Since our early childhood, we hear so many things about marriage that we grow up with fantasies about ‘And they happily lived ever after’ phase post marriage. And as we enter adolescence, our hormones push us to search for a partner for life. What remains uncovered behind these fantasies and urge is the actual essence of the relationship called marriage. We don’t realize that marriage is not just about making love or walking miles hand in hand; it is also about sharing responsibilities. But until we understand this part, it is often too late! Either it results in a broken relationship or so many fissures and crevices that are difficult to mend.

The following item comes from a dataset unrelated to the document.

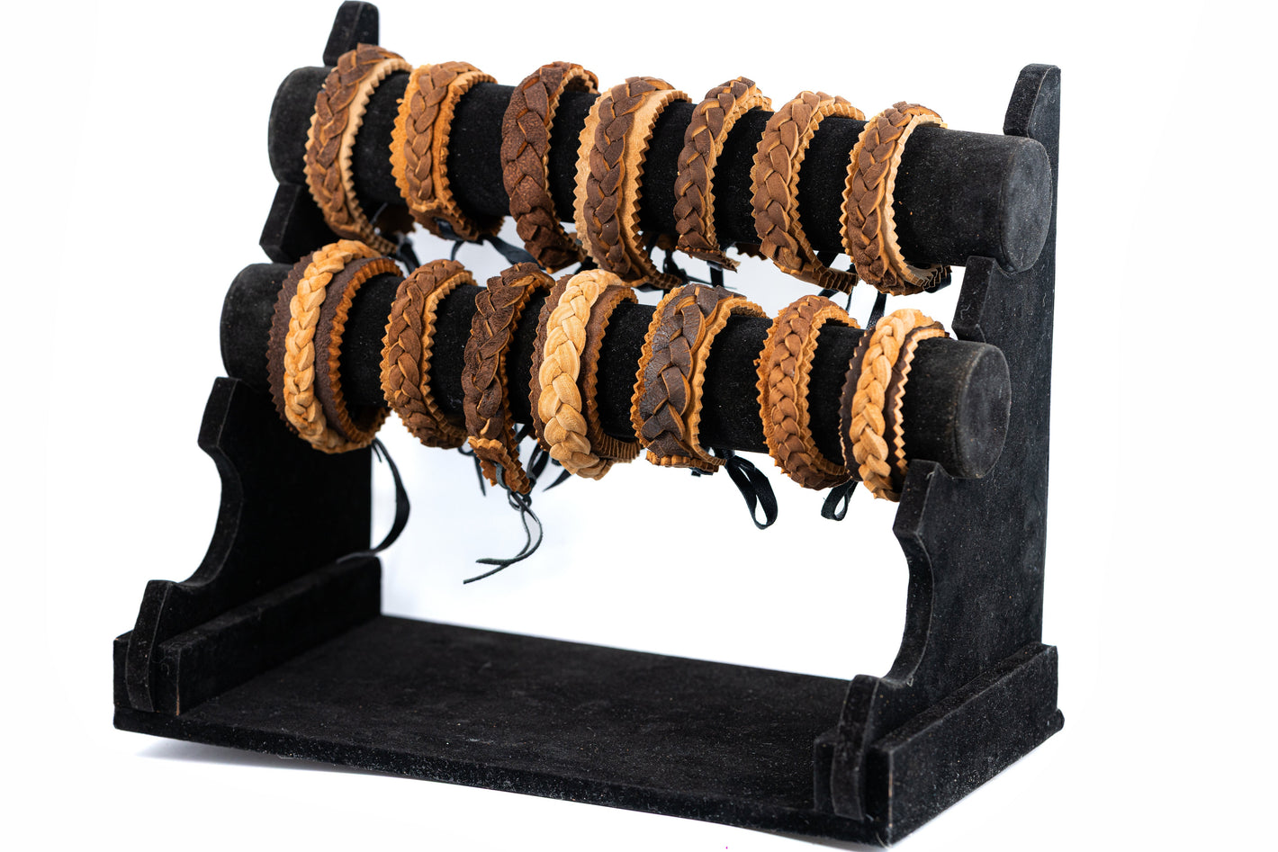 Earthy bags/purses and braided touchy bracelets.

So, before you tie a knot and say – I do, ponder over the following aspects of marriage until it’s too late:
- Discuss your prospects about career, love, parenting, and risk taking with your partner. Most people come together into a love relationship out of desirability and hurriedly step into marriage. But when they do not have the same future perspectives and respect for each other career aspirations, they move into trouble and disputes. Eventually, love and desirability vanish into thin air. And it’s not just the career; disagreements may come on matters of love, parenting, or any other as well. Building up strong faith in your relationship is the key to a happy life ever after. Common faith keeps a family together.

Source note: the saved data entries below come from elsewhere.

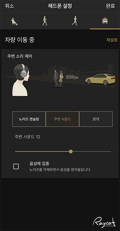 적응형 사운드 제어는 사용자가 자주가는 위치 혹은 지하철이나 자동차 안에서 사용자가 자주 가는 장소에 따라 사운드의 울림이 조금씩 달라지는데 주변 사운드가 헤드폰에 인입되는 크기도 바뀌게 됩니다.
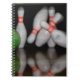 Un carnet en spirale avec une photo d'épingles de bowling et d'une boule de bowling.
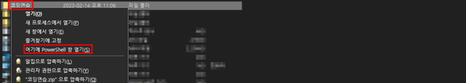 이 폴더에서 "Shift + 우클릭" → "여기에 PowerShell 창 열기"를 눌러줍니다.
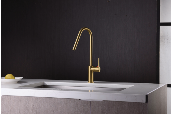 La grifería en oro cepillado es tendencia en cocinas modernas, combinando perfectamente con encimeras de piedra, madera o cuarzo, aportando un toque de diseño exclusivo.
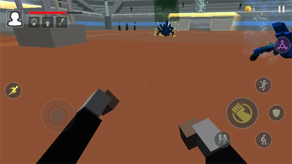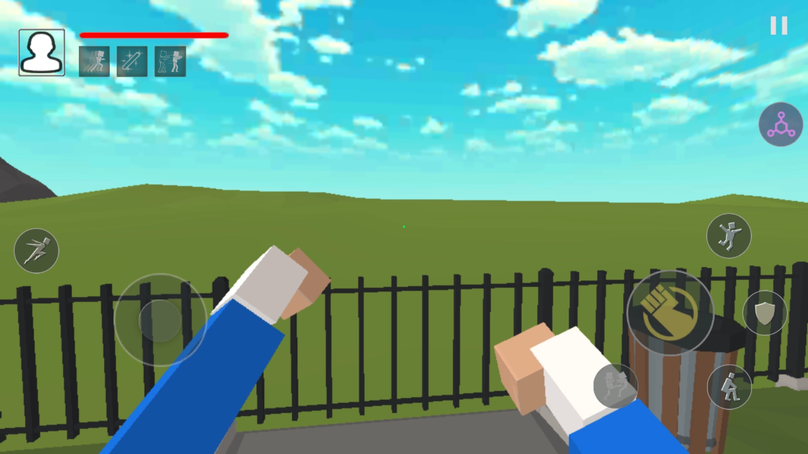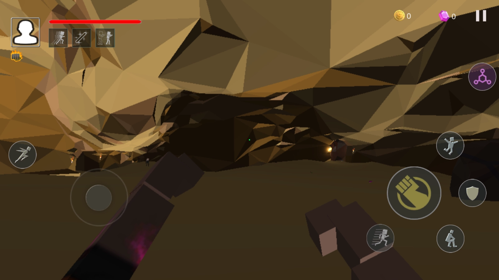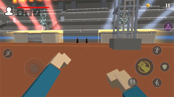 3、来到地图中,左下角的按键控制角色移动,右侧的按键则是攻击、防御、蹲下、跳跃等。

- Canvass each other opinions over monetary issues. When both partners have different plans with acquired money, disagreements are apparent. On the contrary, when you share financial issues honestly and openly with your would-be partner, you will preserve and nurture your union for a long way together. Reported issues on relationships and marriage reveal that 70 % married couple fight over monetary affairs. By discussing money matters with your partner, you not just avoid a possible reason for combat but also develop a lasting trust among each other.
- Try to figure out how you will handle conflicts post wedding. No matter how hard you try, conflicts and dis-opinions are part of any relationship; marriage is no exception. You and your partner must develop the maturity to handle conflicts in a healthy manner rather than quarreling your ways out in opposite directions. Healthy conflicts often put the foundation for better understanding and intimacy. On the contrary, unhealthy conflicts create resentments and bitterness. You should avoid both silent treatment and violence for a healthy relationship. Try to understand the perspectives of your partner. And if not, just listen. Listening to your partner when they are at the height of anger and rage is like partly winning the battle. Also, you will not like to have a partner who will choose flight in the face of challenges. Ending things up is easy. It takes commitment and perseverance to keep a marriage forever.
- Identify how quickly they yield after conflicts. When we stay with a person all the time, it is evident to have quarreled over some issues. But the more quickly a couple makes up with each other after a conflict, the more it reflects their love for each other and respect for their relationship.
So, when you find wedding bells whistling in your ears, don’t forget to unleash these valuable insights before you say – I do!